• EXTRACTED ENTRIES
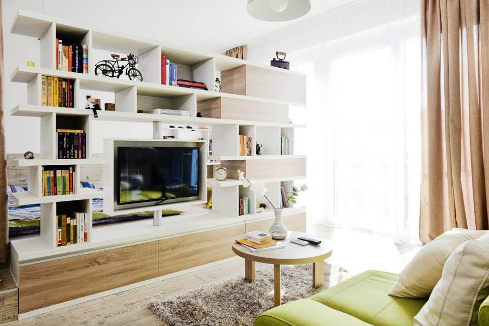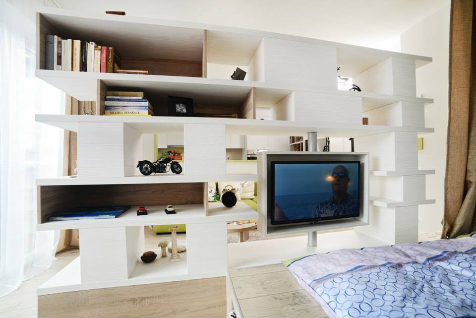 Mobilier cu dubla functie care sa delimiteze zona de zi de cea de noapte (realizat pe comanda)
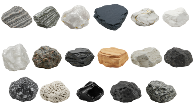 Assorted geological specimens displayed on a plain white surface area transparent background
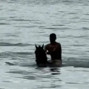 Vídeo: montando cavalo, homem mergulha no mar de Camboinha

---

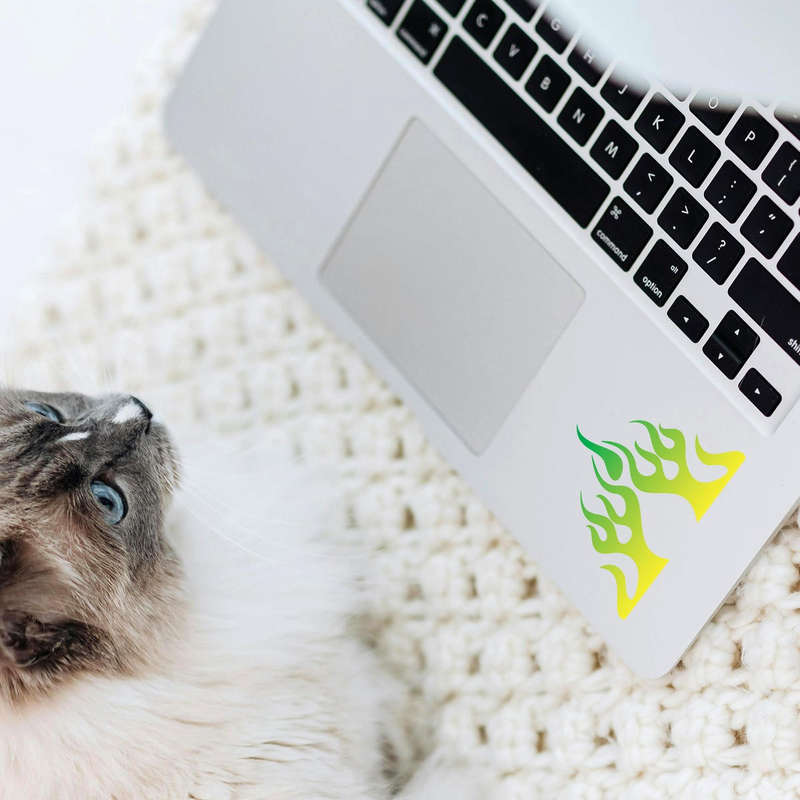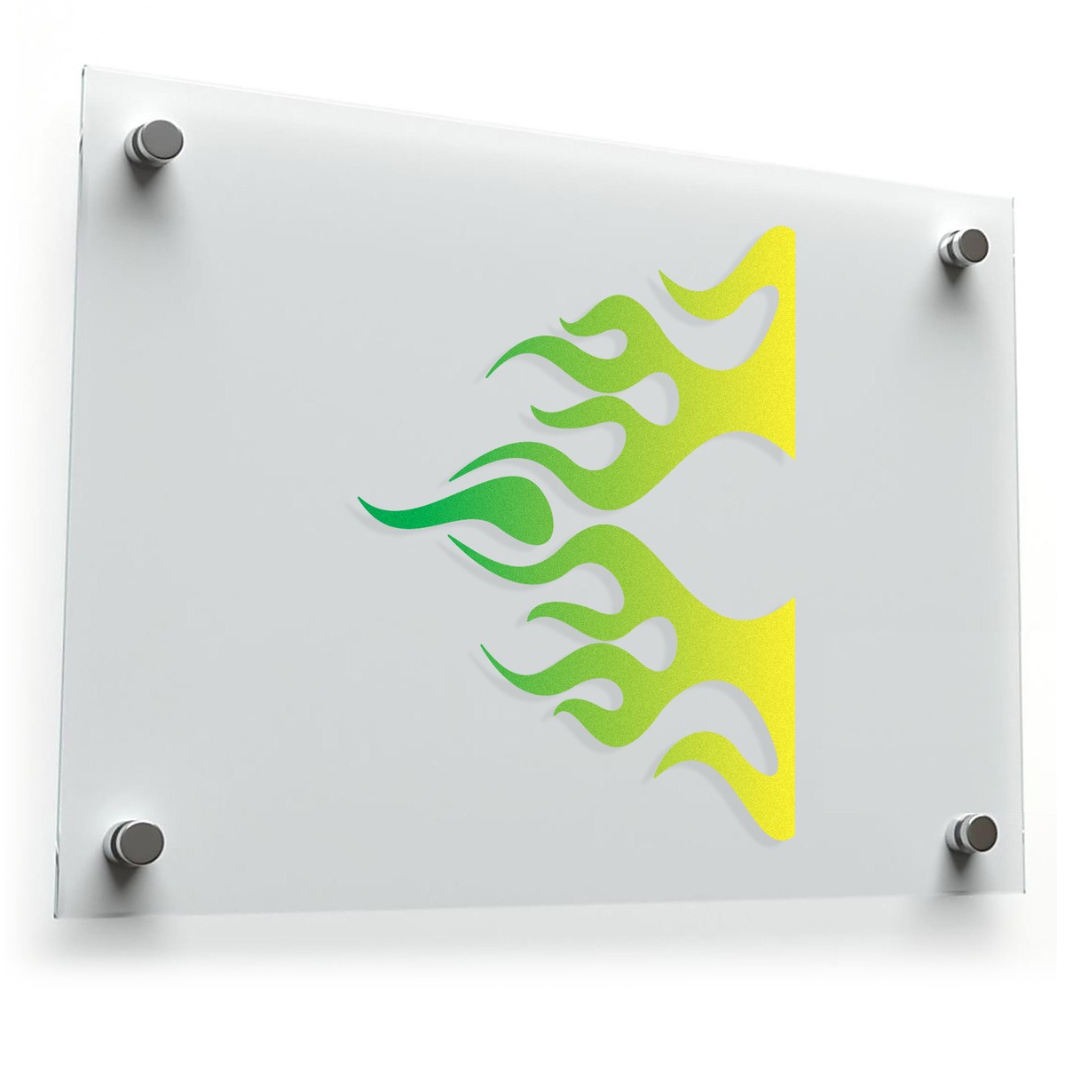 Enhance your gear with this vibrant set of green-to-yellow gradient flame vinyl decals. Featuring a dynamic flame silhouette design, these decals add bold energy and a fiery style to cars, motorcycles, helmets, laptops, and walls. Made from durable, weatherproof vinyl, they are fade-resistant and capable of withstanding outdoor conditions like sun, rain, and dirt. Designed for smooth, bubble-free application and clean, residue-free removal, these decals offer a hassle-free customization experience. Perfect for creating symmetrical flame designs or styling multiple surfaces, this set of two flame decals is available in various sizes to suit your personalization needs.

...

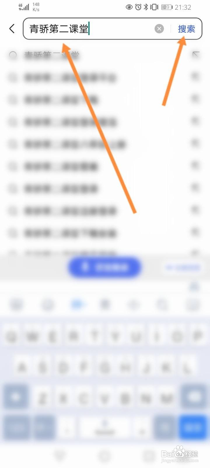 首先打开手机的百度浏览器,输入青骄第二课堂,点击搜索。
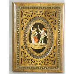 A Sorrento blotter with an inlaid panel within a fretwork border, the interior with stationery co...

• TASK DIRECTIONS
Starting at the line above with "Assorted geological specimens", output every line exactly up to and including the line with "Vídeo: montando cavalo, homem", but none of the pictures.

• TASK RESULT
 Assorted geological specimens displayed on a plain white surface area transparent background
 Vídeo: montando cavalo, homem mergulha no mar de Camboinha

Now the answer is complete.